But reading this brilliant, sometimes bleakly funny piece by Julia Ioffe for, not altogether inappropriately, The New Republic, of a visit to Ukraine’s “separatist” People’s Republic of Donetsk (itself in, some respects, an echo of the short-lived Donetsk-Krivoy Rog Soviet Republic of 1918) reminded me that this is one republic that would not be terribly missed:

With one 11-story building to its name, the People’s Republic of Donetsk is the smallest country in the world. It must also be the most bureaucratic.

When I first arrived in Donetsk (the city) a Russian journalist who has been stuck covering this place since May 9 advised me and my photographer Max Avdeev to go and get accredited with Donetsk (the people’s republic). The PRD has been in existence for just over a month and is fighting for its survival. But it is also rigorously accrediting journalists.

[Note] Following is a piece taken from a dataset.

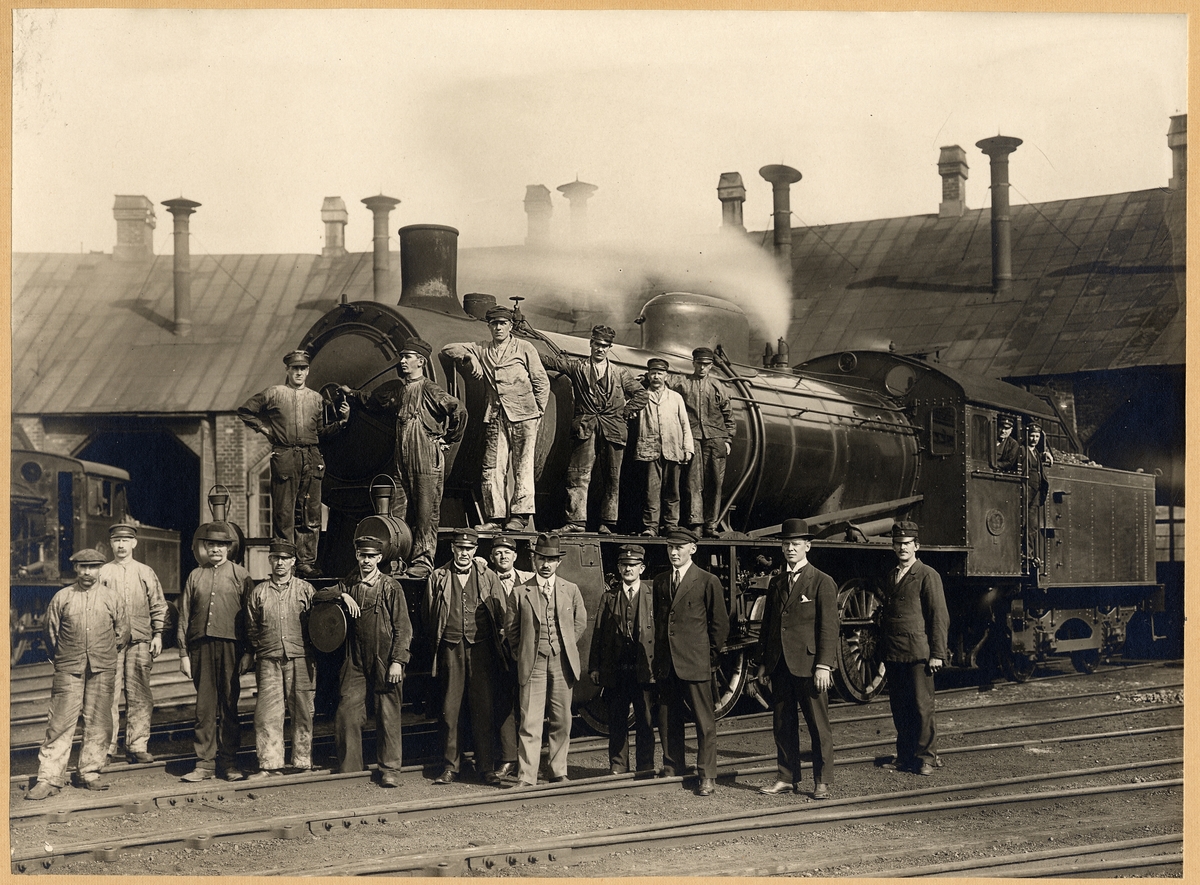 GDJ lokstation i Falun 1923. Loket är SWB 59. Lokförare Per Erik Eriksson, Lokeldare A. Joel Nordström.

To get into the country—which is basically just the seized Soviet-era building that once housed the Donetsk city administration—Max and I had to get through a series of checkpoints set up in the adjacent square, now piled high with tires, barbed wire, and signs decrying fascism, Kiev, America, the E.U., and, weirdly, Poland. At each of the three checkpoints, Max showed his Russian press card and I showed my New Republic business card to an endless series of sun-burned, black-fingernailed men in Adidas track pants….

Read the whole thing.

And then read this later piece by Ioffe. It begins like this:

The Donetsk People’s Republic is now heavily armed and well-fortified: tires, barbed wire, grenade launchers, APCs, Kalashnikovs, and seemingly more pistols than they have hands to shoot them. But the fledgling republic’s most fearsome weapon is their grannies. The Russian countryside is populated by the baba, the strong, hefty woman who, according to Russian legend, will stop a galloping steed and save a burning house. But in the Donetsk People’s Republic the legions of baby are simply the shock troops.

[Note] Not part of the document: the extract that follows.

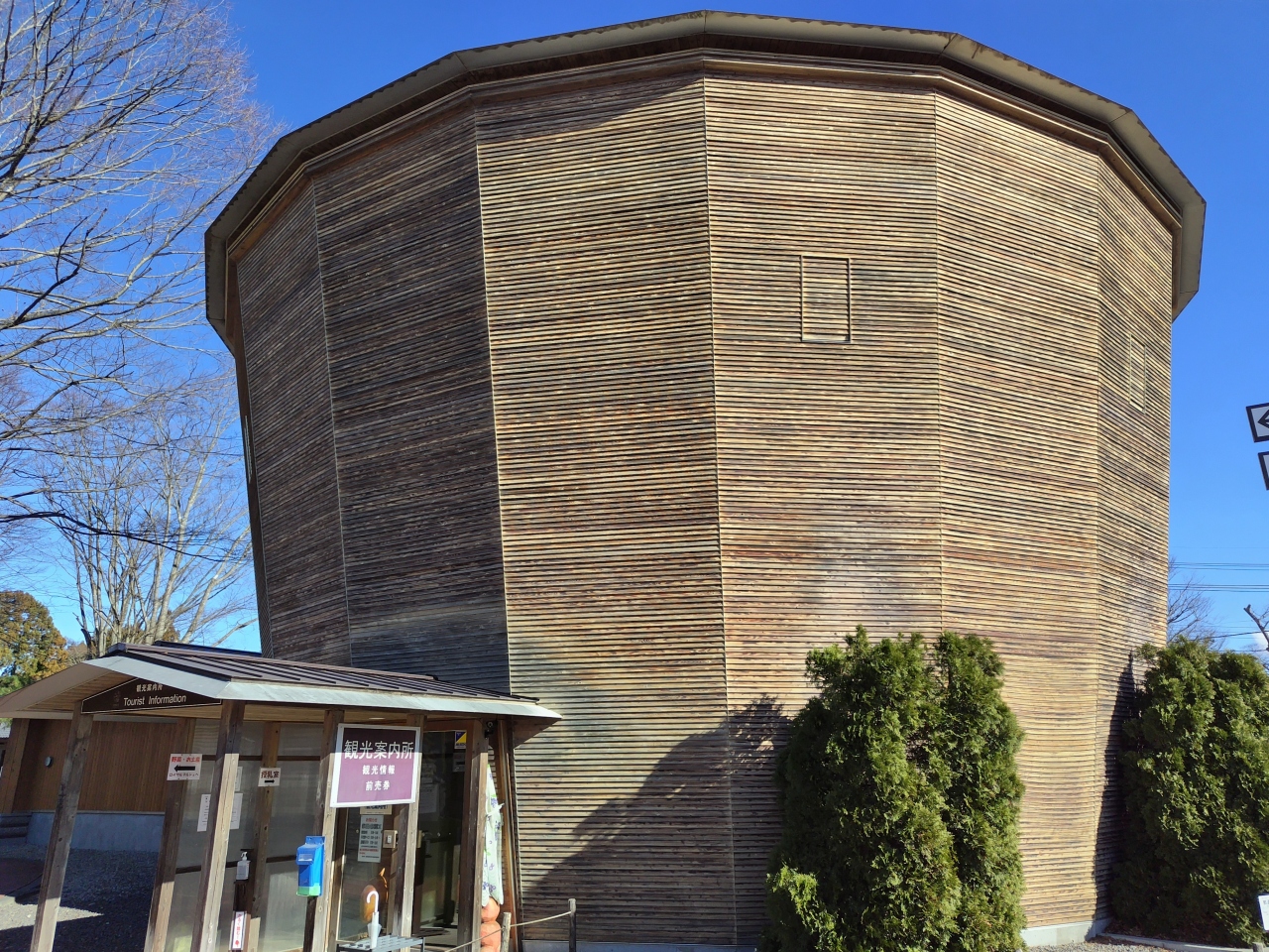 個性的な形の木造の多面的な建物は観光案内所・前売り券販売所・バス待合室です。「鹿の湯」の前売券を50円引きの450円で販売しているとインターネットに載っていたので、立ち寄りましたが、残念ながら今は扱っていないし、割引券も置いていないとのことでした。

Their methods are fierce and sure: these stocky women, mostly pensioners with brightly colored hair, motley, polyester uniforms, and gold Orthodox crosses nestled in their plentiful bosoms, sniff out the enemy and, shrieking their terrifying war call, surround him until he can be liquidated by their men. The enemy is naturally afraid of resisting: these are grannies, women in their 50s and 60s who, likely, remind him of his own grandmother . . .

But there is a sting to this farce, a suggestion of something very badly wrong, a hint of the precipice — and of the abyss too.